Why wouldn't you want a leg horn ? They are good sitters . When I had chickens my leg horn would sit the other hens eggs to make more babies . Then the older hens would get the knife . If you want eggs then get you some road island reds . They are good layers .


----------



## Yvonne G (Oct 26, 2015)

...or get a couple of araucana hens. They lay pretty colored eggs. But if you're getting them for eggs, nothing beats a Rhode Island Red or a Barred Rock.


----------



## AnimalLady (Oct 26, 2015)

Yummy chicken


----------



## leigti (Oct 26, 2015)

I'm not a real farmer. I don't kill my chickens and eat them when they're done laying eggs. I can't eat something I name  i'm going to try to get a better picture.


----------



## mike taylor (Oct 26, 2015)

But they're yummy ! I guess I'm just mean . We used to have pigs for 4-h and if they didn't make sale they went in the freezer . Nothing like home grown food . All my pigs had names .The chickens to had names but they all were food . I only eat chicken breasts don't really care for anything else . But my family loves chicken . Louisiana hot sauce can make anything taste good .


----------



## leigti (Oct 26, 2015)

This picture isn't much better.


----------



## leigti (Oct 26, 2015)

I wouldn't want a leg horn because there are large Combs can be subject to frostbite. I don't have heat in the coop. It is supposed to be a mild winter but I don't know for the future.


----------



## leigti (Oct 26, 2015)

One of my friends just told me it is a Cornish hand or Cornish Cross and I should eat it today.

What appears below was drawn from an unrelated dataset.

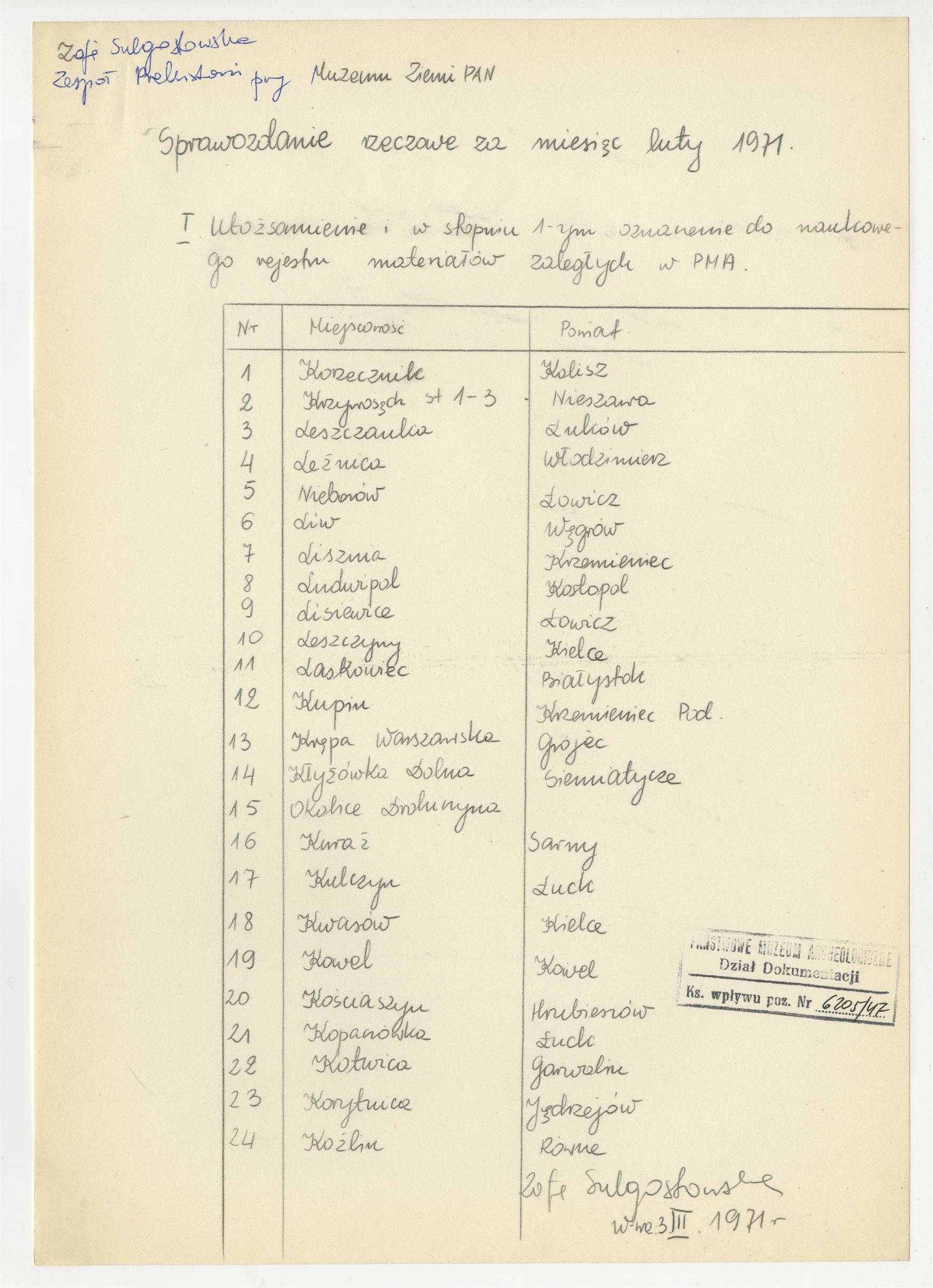 Rękopis - kopia dokumentu pt. "Sprawozdanie rzeczowe mgr J. Janiec za luty 1971" sporządzony przez Jolantę Janiec członka Zespołu Prehistorii przy Muzeum Ziemi PAN 3 III 1971 r. - strona 1

Eke!


----------



## mike taylor (Oct 26, 2015)

They have yummy breast !


----------



## leigti (Oct 26, 2015)

mike taylor said:


> They have yummy breast !


At least you didn't say boobies.


----------



## Cowboy_Ken (Oct 26, 2015)

leigti said:


> At least you didn't say boobies.


And yummy BOOBIES !


----------



## leigti (Oct 26, 2015)

Where is Nick, speaking of boobies.


----------



## mike taylor (Oct 27, 2015)

Yeah he's the biggest booby I know . haha


----------